What is expected ->
Keep the pictures out. Copy every line of the listing exactly.

Supplied data ->
+ + +

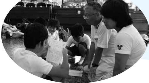
▲8月2日の離村式で手紙を読む児童
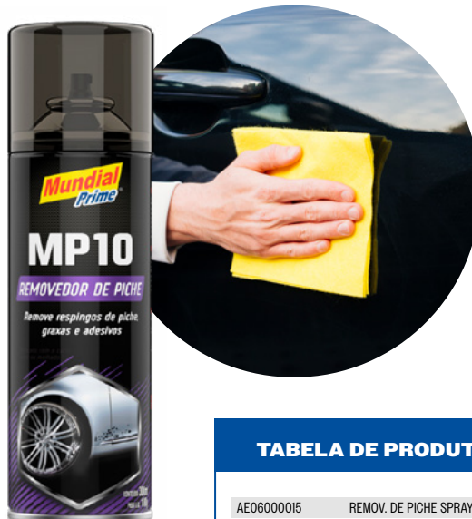
TABELA DE PRODUTOS

Ter um produto como esse te auxilia no seu posicionamento como loja, apoiado com o endosso da marca Mundial Prime.

+ + +

Expected answer ->
▲8月2日の離村式で手紙を読む児童
TABELA DE PRODUTOS

Ter um produto como esse te auxilia no seu posicionamento como loja, apoiado com o endosso da marca Mundial Prime.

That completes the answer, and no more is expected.